A. E. (Adolphus Edwards) Richards

author

A. E. (Adolphus Edwards) Richards

1844–1920

A Civil War veteran and memorial writer, this late-19th-century author is best remembered for firsthand writing connected to Mosby's Rangers and Confederate remembrance. His surviving published work is scarce, but it carries the direct, eyewitness tone that makes older war narratives so vivid to hear.

1 Audiobook

Famous Adventures and Prison Escapes of the Civil War

Famous Adventures and Prison Escapes of the Civil War

by Basil Wilson Duke, Thomas Henry Hines, Frank E. Moran, William Pittenger, A. E. (Adolphus Edwards) Richards, W. H. (William Henry) Shelton, Orlando B. Willcox, John Taylor Wood

About the author

Published as A. E. Richards, Adolphus Edwards Richards appears in library and public-domain records as an American writer born in 1844 and died in 1920. Today he is chiefly associated with "Mosby's 'Partizan Rangers'", his contribution to Famous Adventures and Prison Escapes of the Civil War, a collection of Civil War narratives that remained in circulation long after its first publication.

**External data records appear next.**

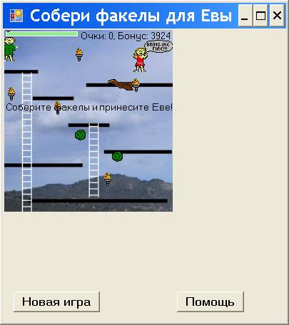 Ниже мы видим указание игроку, управляющему изображением Адама: “Соберите факелы и принесите Еве”.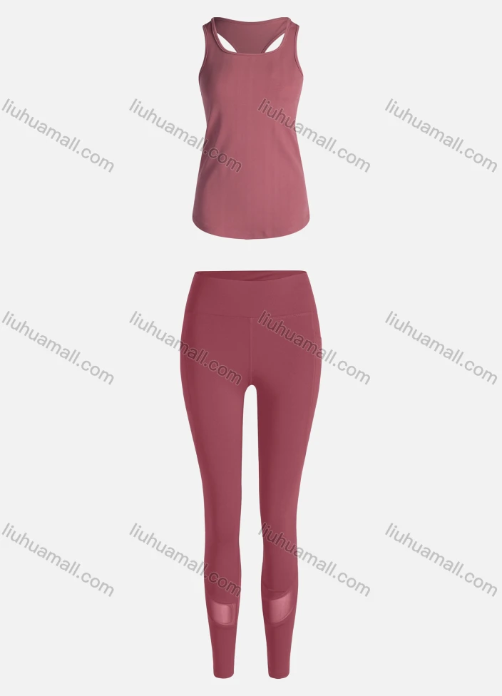 Wholesale Women's Sporty Breathable Quick Dry Letter Tank Top & High Waist Leggings 2 Piece Yoga Workout Outfits 1007#&1010#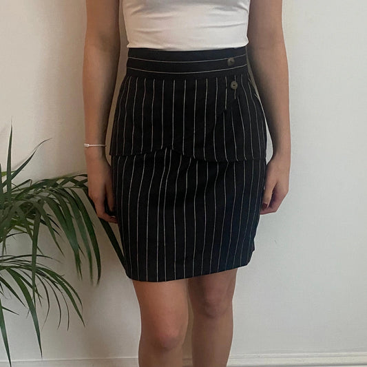 The End Striped Mini Skirt - 26W UK 6 Black Cotton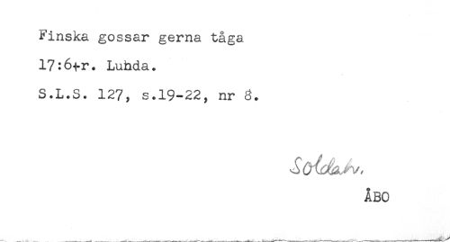 //// Finska gossar gerna tåga //// 17:6-(-r. Luhda. //// S.L.S. 127, s.19-22, nr //// ÅBO ////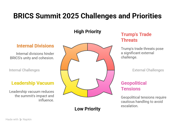 - The BRICS 2025 Summit in Brazil, though significant in terms of timing and global context, has opted for a cautious and technical approach.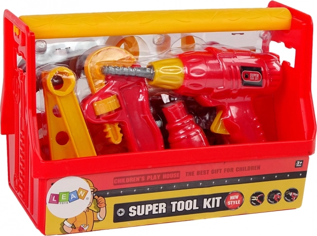 Kompletní dětská sada pro malé kutily v praktickém kufříku. Obsahuje vrtačku pro malé ruce, šroubovák, kladivo, kleště, francouzský klíč, imadlo a spojovací díly. Lehký plastový materiál, výrazná červená barva a možnost vše uložit do přenosné skrzynky podporují rozvoj motoriky a kreativní hru. Vhodné od 3 let, s certifikátem CE.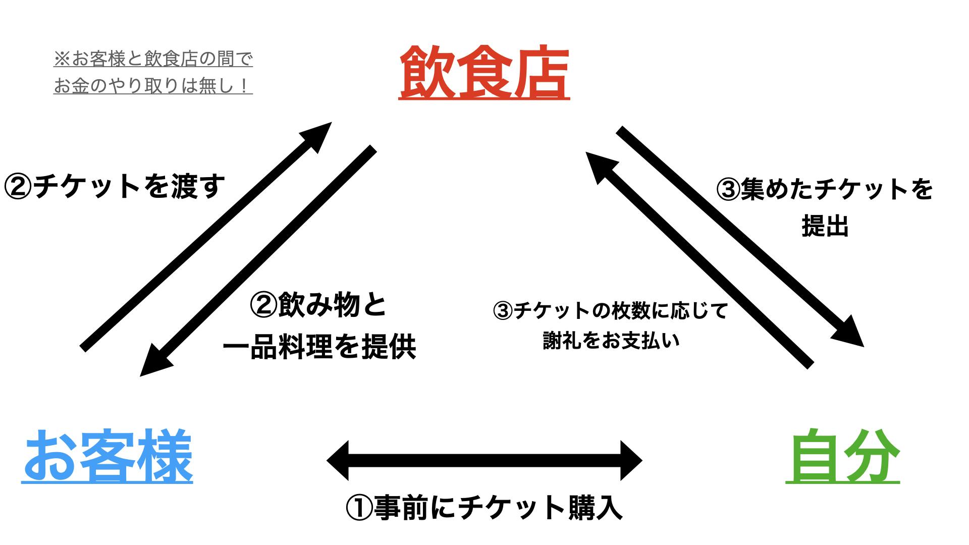 私は、秋田駅付近や川反、山王地区の飲食店と提携して、お客様にチケットを販売し、お客様は提携店舗の中から行きたいお店を自由に選び、チケットを使って一品の料理と一杯の飲み物を楽しみます。そして、お店の味や雰囲気を堪能したら、また次のお店に行き、お気に入りのお店を発掘します。イベント終了後に、提携店舗に使われたチケットの枚数に応じて私は店舗に謝礼をお支払いします。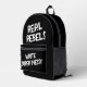 Real Rebels Write Super Messy, cool rebel Backpack in black and white— the ultimate rebel statement for daring dudes, cool gals, and chaotic creatives who turn messy handwriting into signature style!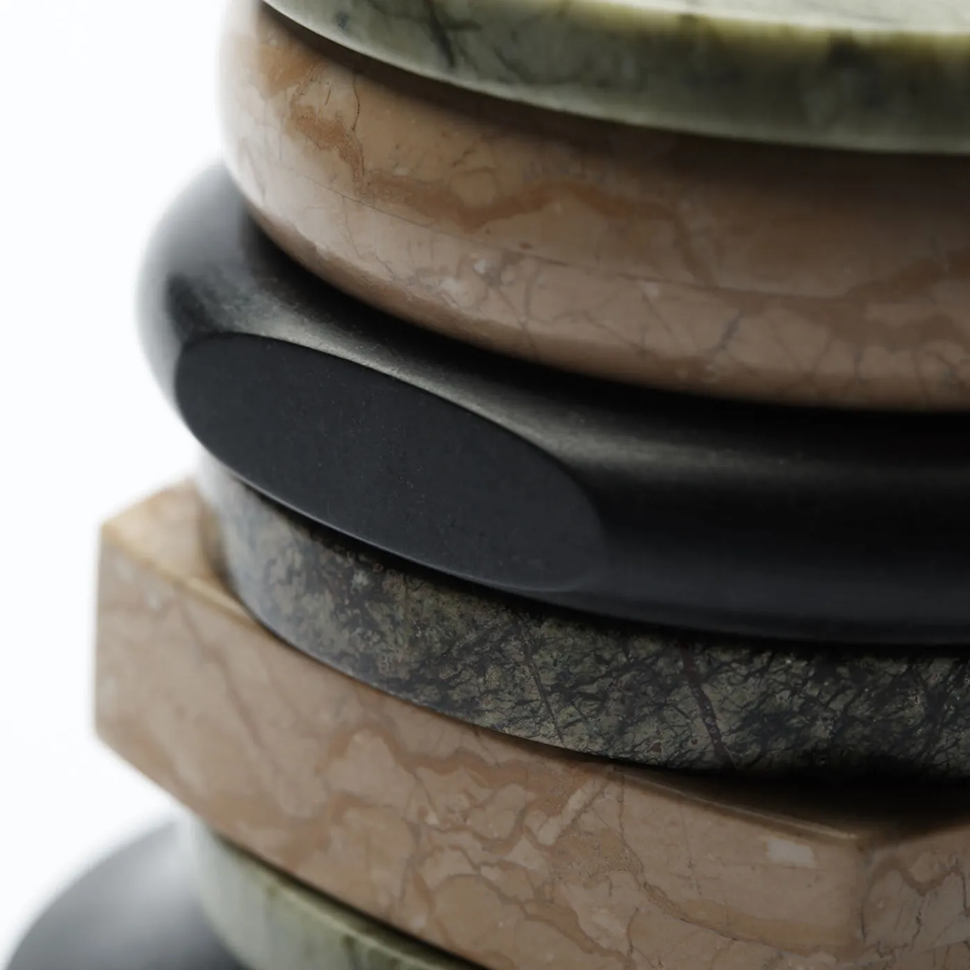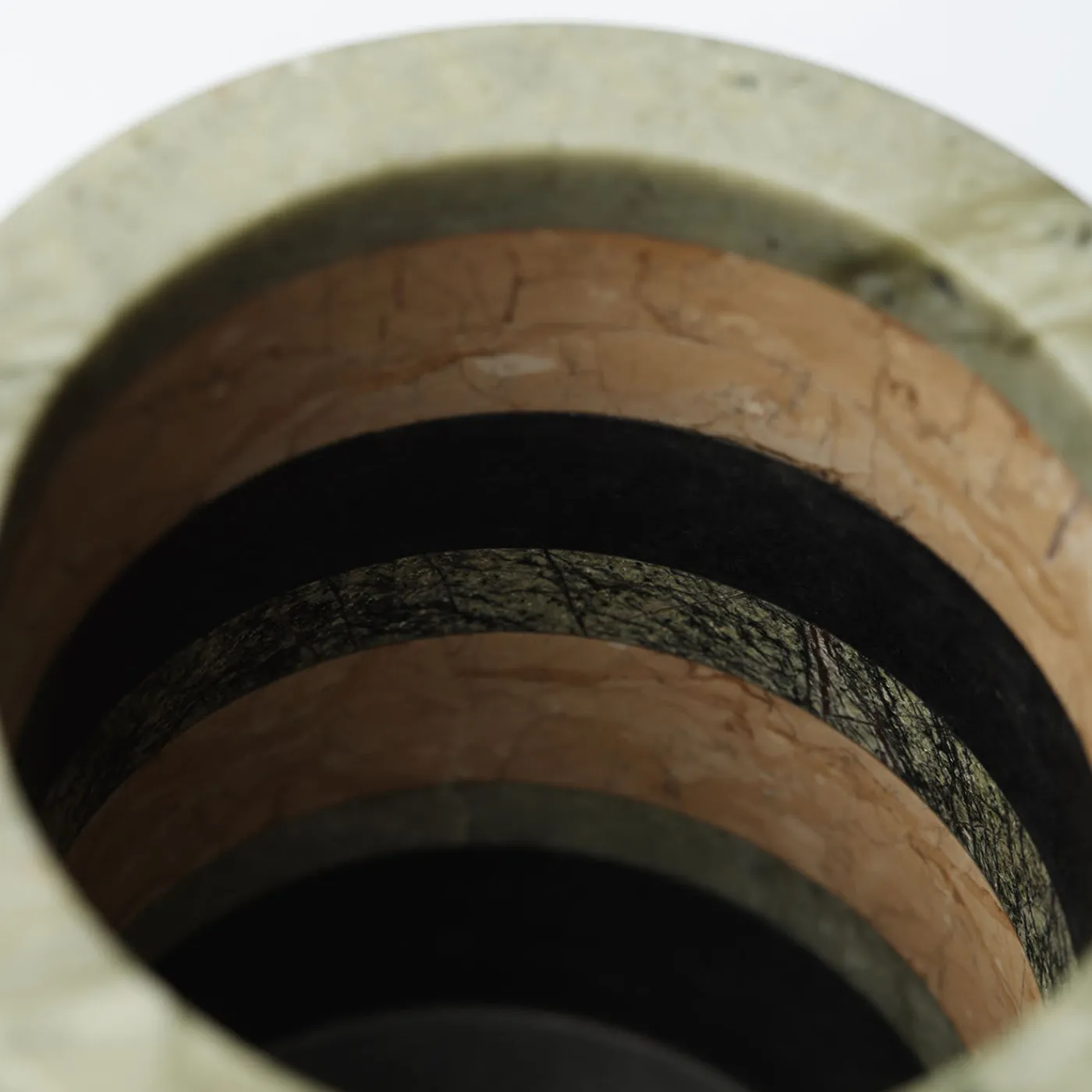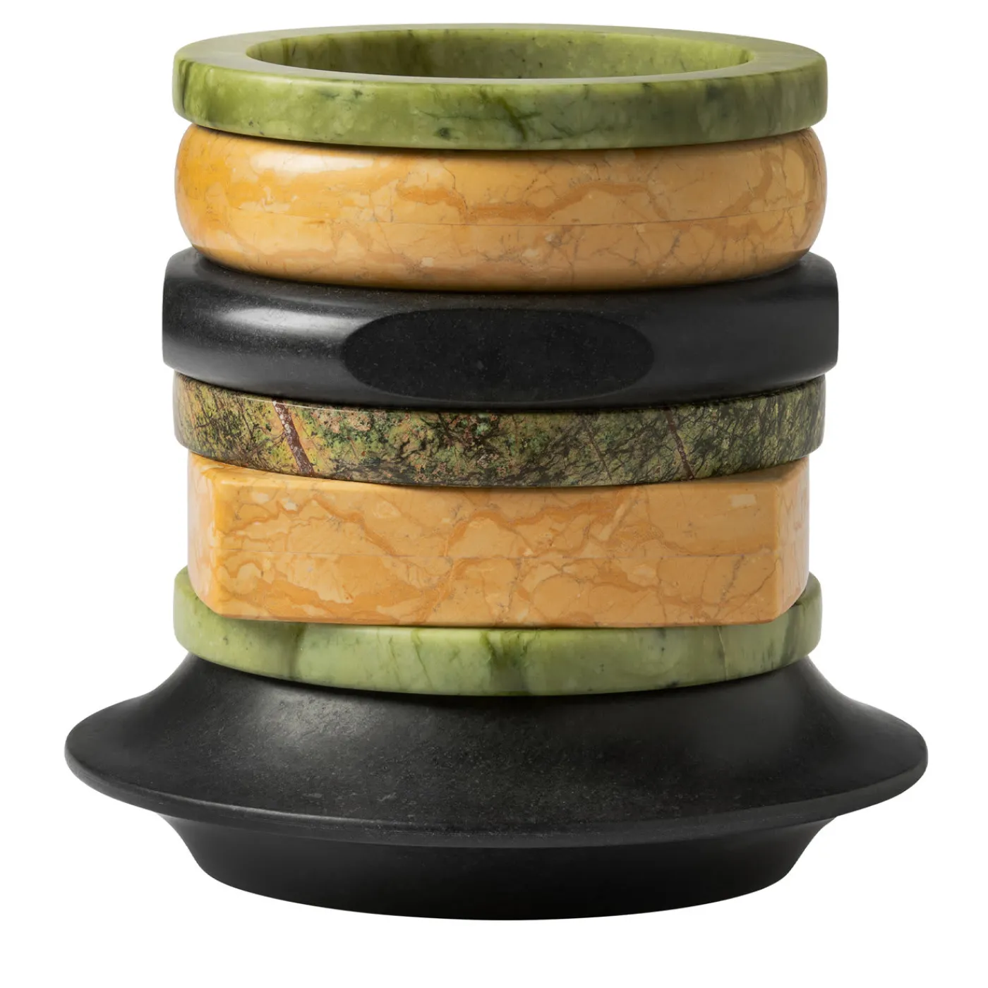 Un bracciale in marmo nero funge da base per questo splendido e originale vaso in marmo della Bangle Collection della designer Cristina Celestino, una collezione speciale creata da bracciali in marmo impilati tra loro. I braccialetti di marmo arancione, verde e screziato si fondono per formare il corpo di questo splendido pezzo.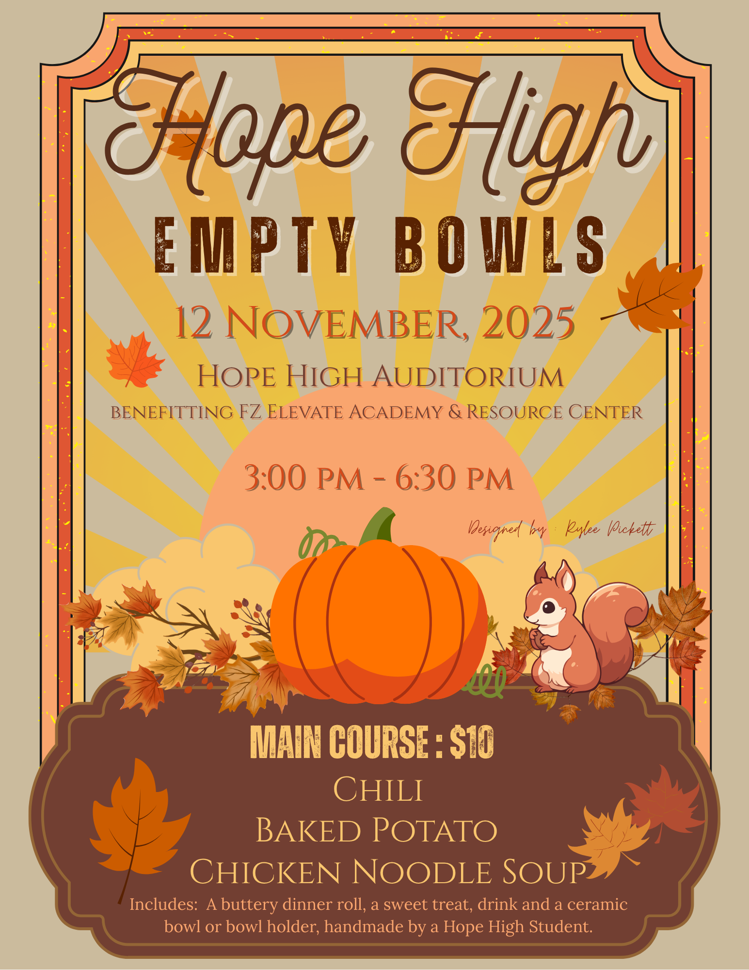 🥣 Empty Bowls - November 12 📍Hope High 🕒 3:00-6:00 pm 🪙 $10 Per Person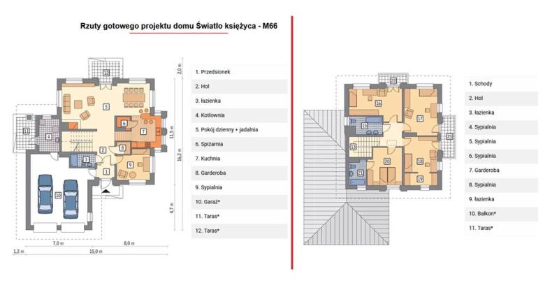 Projekt "M66 Światło Księżyca" to dom piętrowy, co sprawia, że jego powierzchnia jest wyraźnie podzielona na strefy: dzienną i nocną. Dzienną tworzy między innymi salon z aneksem kuchennym. W projekcie znalazła się jedna komfortowa łazienka na parterze oraz dodatkowa na piętrze. Projekt został wykonany w technologii murowanej, dzięki czemu podczas upałów dom utrzymuje przyjemny chłód.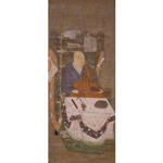 払子(ほっす)を手に執(と)り、法被(はっぴ)を掛けた椅子に坐す忍性を描く。突き出た頭頂、赤い鼻先といったトレードマークが明瞭。受戒(じゅかい)などに用いる戒尺(かいしゃく)・柄香炉(えごうろ)・三衣包(さんえのつつみ)を机に置くことから、そのような法会に懸けられたと考えられる。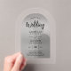 This modern acrylic wedding Invitation can be clear or frosted, rectangle or arch shaped as desired to suit your needs. You can change the colour of the text in design tools.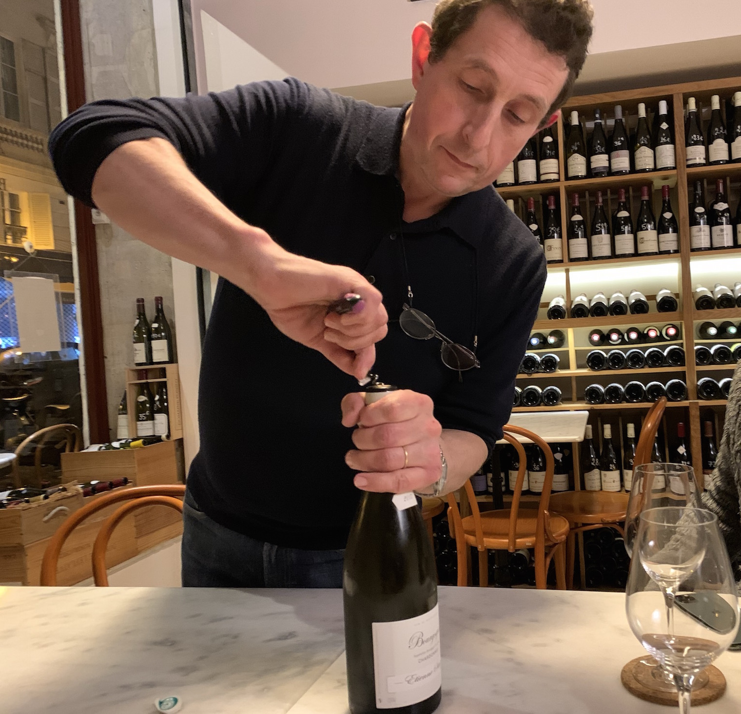 <地下に降りてオーナーとワインを迷う。>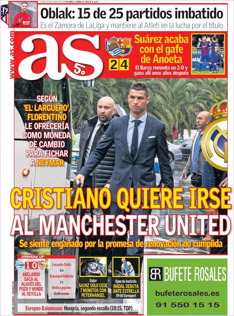 Η AS κυκλοφόρησε την Δευτέρα έχοντας για πρωτοσέλιδο τον CR7 και τίτλο: “Ο Κριστιάνο Ρονάλντο θέλει να γυρίσει στην Μάντσεστερ Γιουνάιτεντ “, ενώ ακριβώς από κάτω αναφέρει: “Αισθάνεται εξαπατημένος γιατί αθέτησαν την υπόσχεση ανανέωσης του συμβολαίου του”.

He is also credited with Monument unveiled, September 23, 1899 at Front Royal, Virginia: In memory of seven of Mosby's men who were executed after surrendering, which suggests that his writing was tied not only to memoir and history, but also to the culture of Civil War remembrance at the end of the 19th century.

Reliable biographical detail beyond those published records is limited in the sources available here, so a fuller personal portrait is hard to confirm. What does come through clearly is his place among veterans and writers who helped shape how the Civil War was remembered for later generations.